* _The records_:
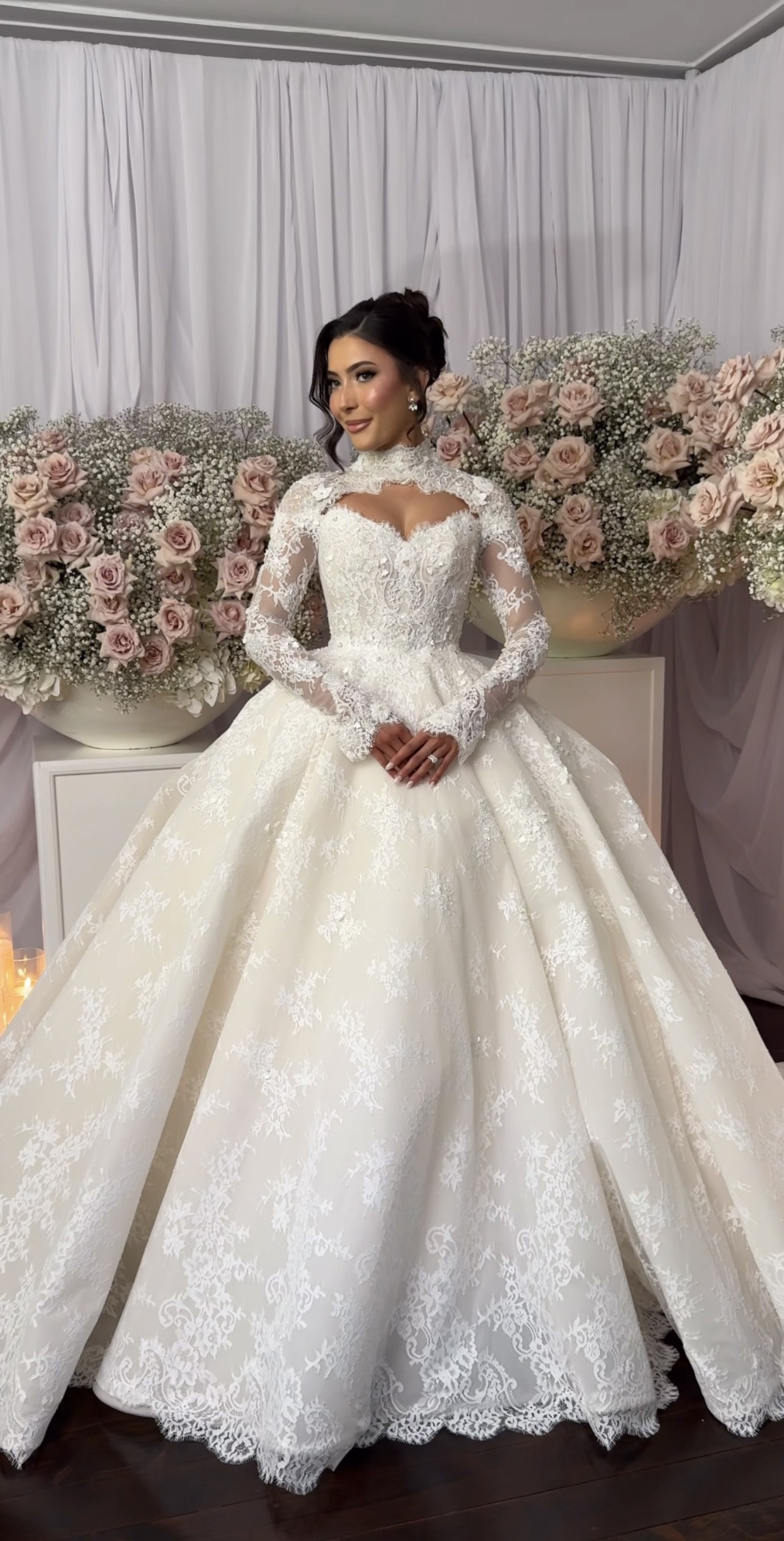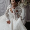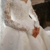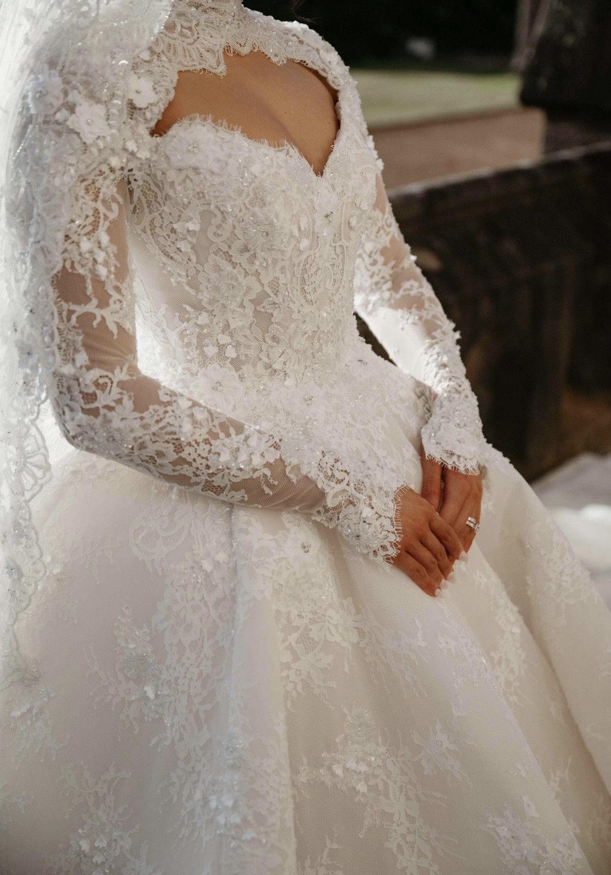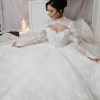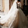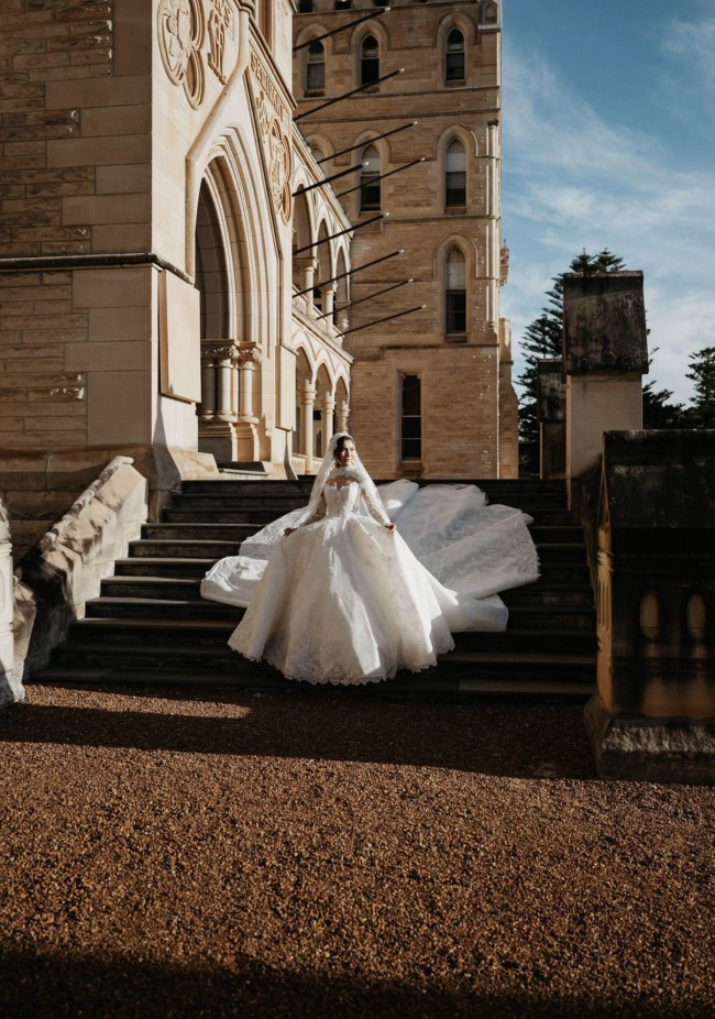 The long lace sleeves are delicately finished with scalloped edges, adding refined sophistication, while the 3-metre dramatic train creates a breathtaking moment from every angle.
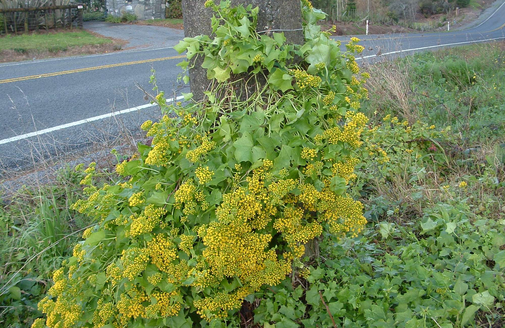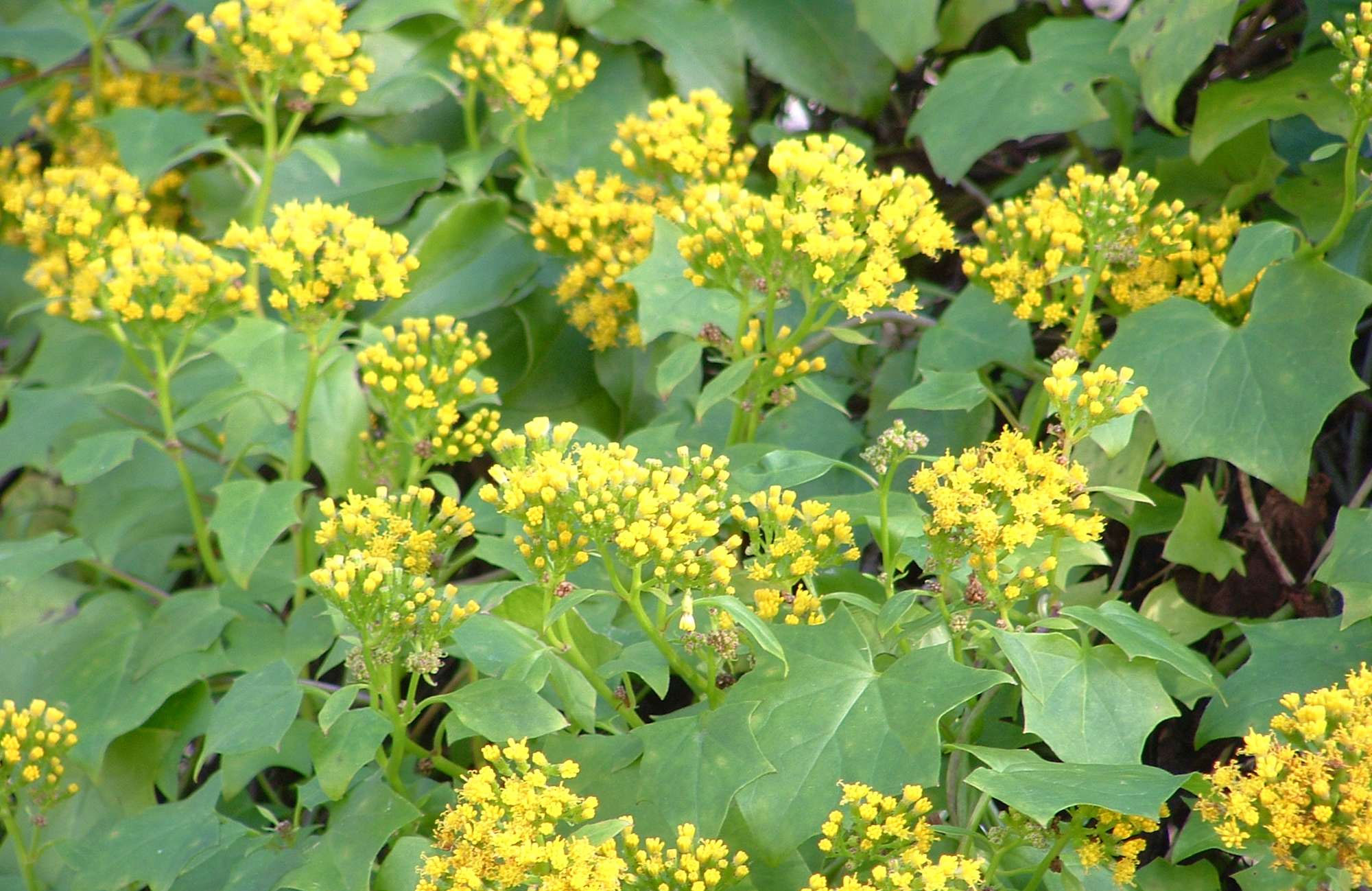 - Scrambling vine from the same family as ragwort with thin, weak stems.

* * *

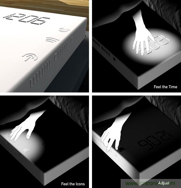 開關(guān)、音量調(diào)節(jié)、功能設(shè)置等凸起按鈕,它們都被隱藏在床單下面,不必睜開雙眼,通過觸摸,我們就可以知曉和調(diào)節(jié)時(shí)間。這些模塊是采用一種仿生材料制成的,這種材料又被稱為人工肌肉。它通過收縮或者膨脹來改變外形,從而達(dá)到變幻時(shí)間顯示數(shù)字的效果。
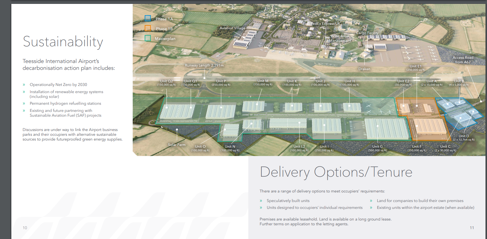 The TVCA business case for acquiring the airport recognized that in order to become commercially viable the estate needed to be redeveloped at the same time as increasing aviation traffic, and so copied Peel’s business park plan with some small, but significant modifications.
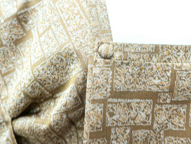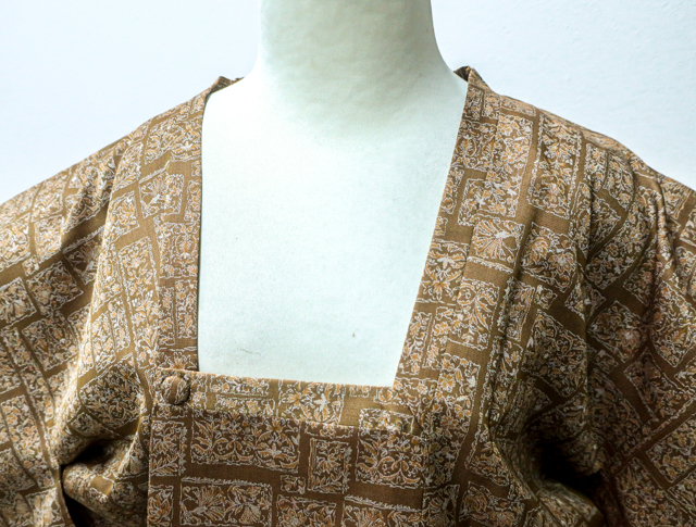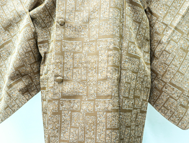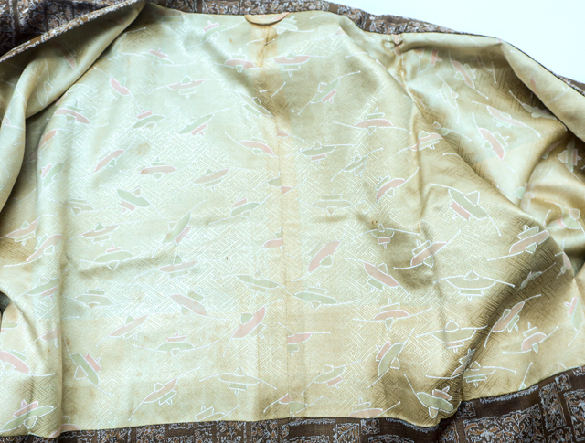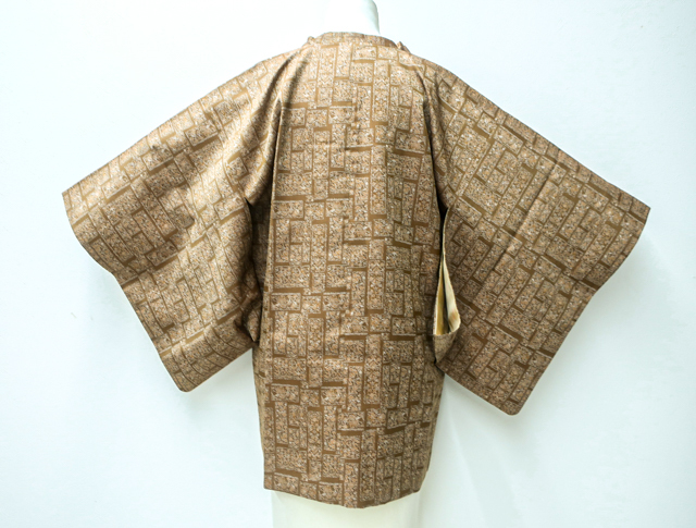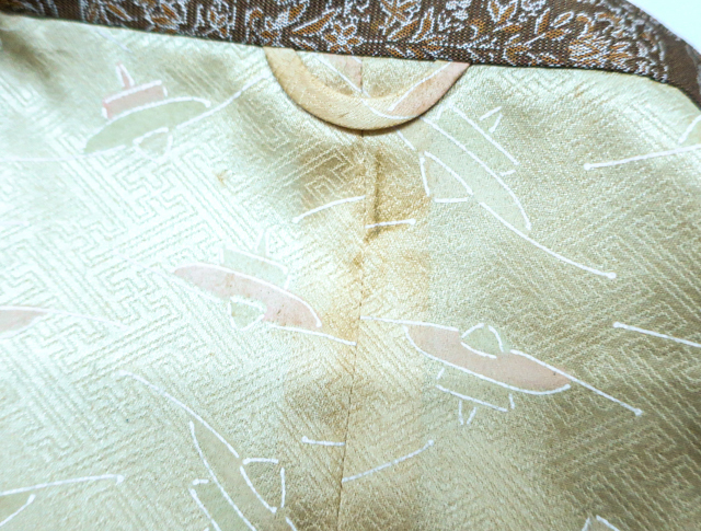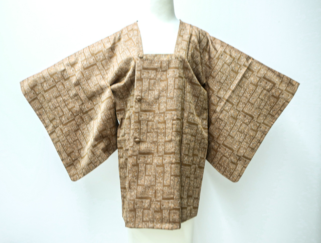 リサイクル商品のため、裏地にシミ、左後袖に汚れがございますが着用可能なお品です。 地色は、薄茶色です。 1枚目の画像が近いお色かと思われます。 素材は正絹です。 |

--

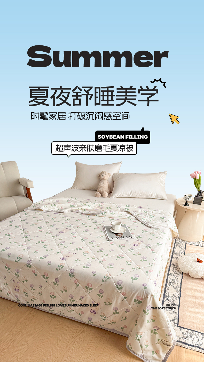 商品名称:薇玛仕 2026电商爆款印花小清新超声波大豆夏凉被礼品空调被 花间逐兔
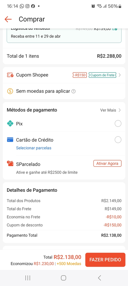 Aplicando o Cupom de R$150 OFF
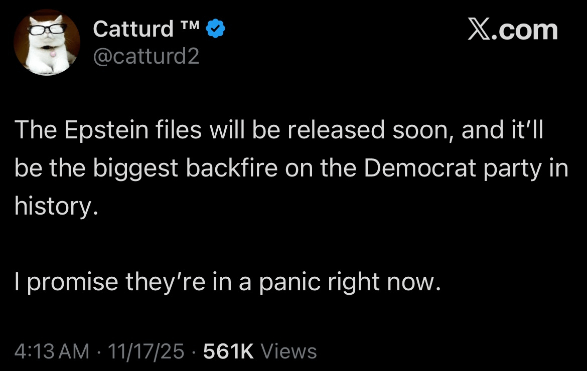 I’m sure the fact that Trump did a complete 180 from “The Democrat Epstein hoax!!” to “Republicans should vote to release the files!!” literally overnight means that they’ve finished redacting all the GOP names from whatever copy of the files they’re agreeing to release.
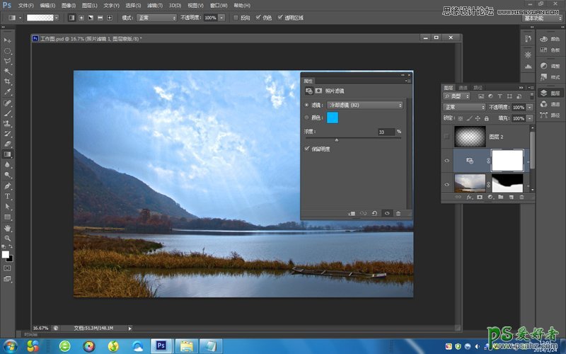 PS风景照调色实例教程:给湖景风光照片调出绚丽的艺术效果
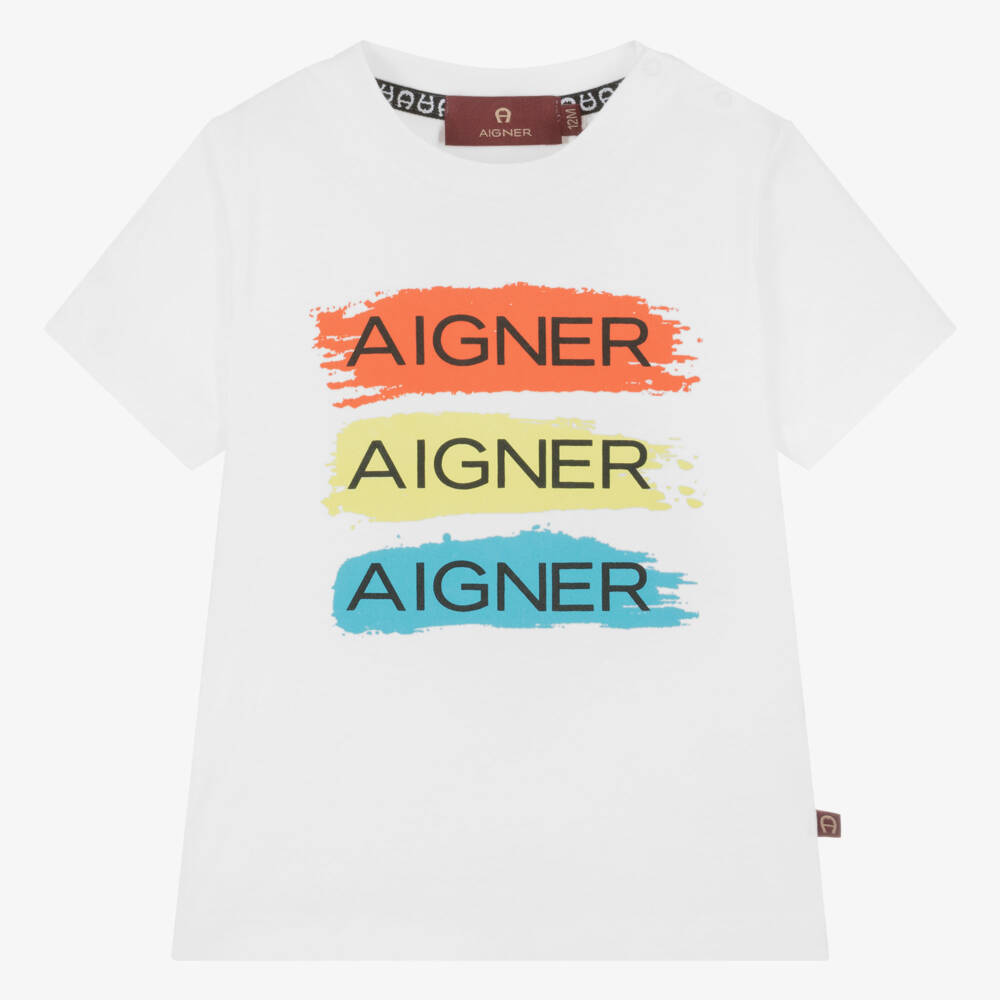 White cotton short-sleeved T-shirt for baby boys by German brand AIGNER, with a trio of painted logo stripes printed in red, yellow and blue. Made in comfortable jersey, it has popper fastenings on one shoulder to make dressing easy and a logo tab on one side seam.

* _What the exercise asks_: Excluding any pictures, print exactly the lines of the listing above from the line with "The long lace" to the line with "- Scrambling vine", both ends included.

* _Output_:
 The long lace sleeves are delicately finished with scalloped edges, adding refined sophistication, while the 3-metre dramatic train creates a breathtaking moment from every angle.
 - Scrambling vine from the same family as ragwort with thin, weak stems.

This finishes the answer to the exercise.